There’s no perfect method to manage a small sales team. Technically, having a small team is a diseconomy of scale. There are not enough salespeople to afford a great full-time sales leader. So what do you do when your sales team is too small to cost-justify executive-level talent?

The chart below shows the five common ways businesses work around this diseconomy of scale. As you can imagine, none of them work perfectly because they are workarounds to the real problem, the diseconomy of scale.

Managing a small salesforce comparison

If you break down what you get in a star sales executive, it is time and talent, but it comes at a high cost. Each of these elements plays into the results you will get from your sales department. Overpay the sales leader, and it can drain profits. Hire someone without the requisite talent, and they won’t “move the needle.”
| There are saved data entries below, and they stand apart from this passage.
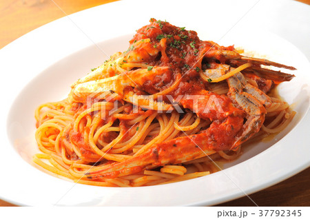 注意)お皿に若干の汚れ・レタッチ痕が残る場合があります。渡り蟹(ワタリガニ)のトマトクリームパスタ。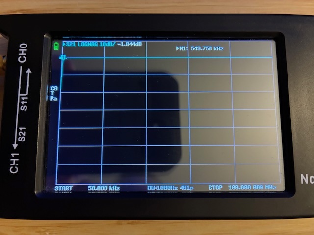 Testing with the NanoVNA-H4 to determine the low frequency response (down to 50 KHz).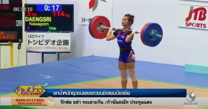 นวพร แดงศรี คว้าเหรียญทองท่าสแนทช์จากแข่งขันยกน้ำหนักยุวชนและเยาวชนชิงแชมป์เอเชียที่ญี่ปุ่น

Below are the six ways to manage a small sales team, along with a link more detailed analysis of each option.

  • Option 1: No sales manager – Low cost, lost deals
  • Option 2: Owner-managed sales team – Low hard cost, high soft cost due to the owner sacrificing other, more important, work to manage the team.
  • Option 3: High-caliber sales leader – High cost, high results
  • Option 4: Inexpensive sales leader – Don’t bother. This option is nothing more than a sales babysitter. Most companies need more.
  • Option 5: Salesperson promoted to sales leader or dual roles. Seems low cost, but it isn’t. Double don’t bother. This is a trainwreck in the making.
  • Option 6: Fractional sales leader. Reasonable cost, good results, but short of full-time star sales leader.

It pays for CEOs to identify the soft costs and opportunity costs of leaving the sales department unattended. It’s easy to see the hard cost savings of not having a sales leader, but for most companies, the loss of opportunities in additional sales greatly outweighs the cost of running the department properly.